Recent studies have emphasized magnesium’s possible involvement in preventing vascular calcification [107, 108]. Few human clinical investigations have demonstrated that oral magnesium given to individuals with moderate to advanced CKD, in the form of a phosphate binder or as a supplement, may reduce VC progression or lowered the tendency for calcification [108].

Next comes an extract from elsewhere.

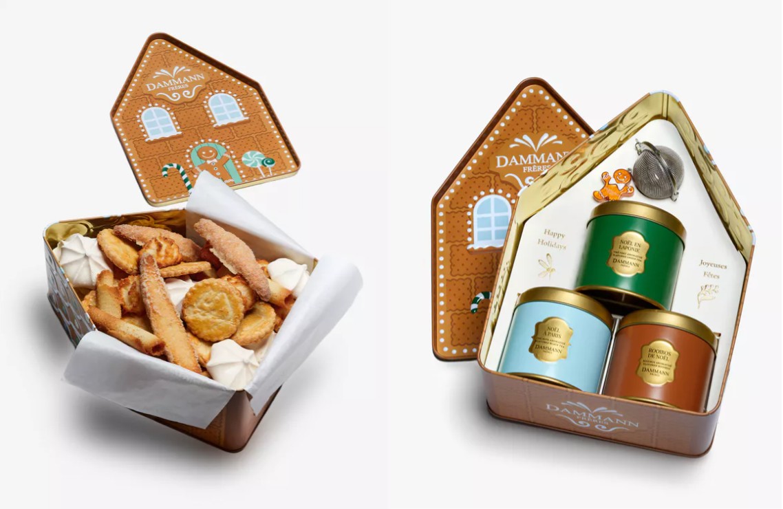 Ce charmant coffret en métal orné d’un décor de maison en pain d’épices réunit trois mélanges aromatisés aux saveurs de Noël. Il contient trois boîtes de 40 g pour deux thés et une infusion de fêtes, ainsi qu’une boule à thé fantaisie. Le petit plus : il se transformera en boîte à biscuits dans laquelle vous pourrez présenter et conserver de délicieux gâteaux de Noël faits maison !

Renal transplantation and renal replacement therapy

As renal function falls towards ESKD, important decisions regarding starting dialysis must be made. Regular or continuous dialysis treatments may be advantageous for CKD 5D patients with CHF [8, 100, 101]. Kidney transplantation may reverse uremia, which is a major trigger to development of VC in people with ESKD [81]. Preemptive kidney transplantation is the best option for patients with advanced CKD [101]. Patients with CKD who undergo kidney transplantation have some reduction in their cardiovascular risk [81].

Potential novel medications

The silent information regulator sirtuin 1 (SIRT1)

Through its control of fibrosis, apoptosis, and senescence, as well as oxidative stress, inflammation, VC, and aging process, SIRT1, a NAD+-dependent deacetylase, may play a protective role in CKD and its consequences on cardiovascular system. It could be a potential target for CVD management in CKD as it suppresses osteoblastic trans differentiation of VSMCs induced by hyperphosphatemia [109, 110].

SNF472: myo-inositol hexaphosphate

SNF472, a hexasodium salt of the active component, myo-inositol hexaphosphate (IP6) or phytate, has shown encouraging benefits in experimental trials. By adhering to hydroxyapatite crystal growth sites, SNF472 prevents the onset and development of calcification. This mechanism appears to be independent of the underlying cause of calcification and may offer a chance to block the final common pathway of VC [94].


In summary, CKD is a state of accelerated aging. Cardiovascular disease (CVD) is the leading cause of death in patients with CKD. Slowing the progression of CVD in CKD depends greatly on early detection and management of possible risk factors. CKD patients should maintain blood glucose and blood pressure control. Calcimimetics, non-calcium phosphate binders, and vitamin D have been used to control CKD mineral and bone disorders. Magnesium, vitamin K, and vitamin D could be potential therapies. New therapeutic agents and targets have been identified in recent years.

It is crucial to address the shortage of data from significant cardiovascular outcome studies in CKD with highrisk CVD. The most ideal strategy, till now, for advanced CKD may be kidney transplantation, which can improve ESKD-related cardiovascular outcomes.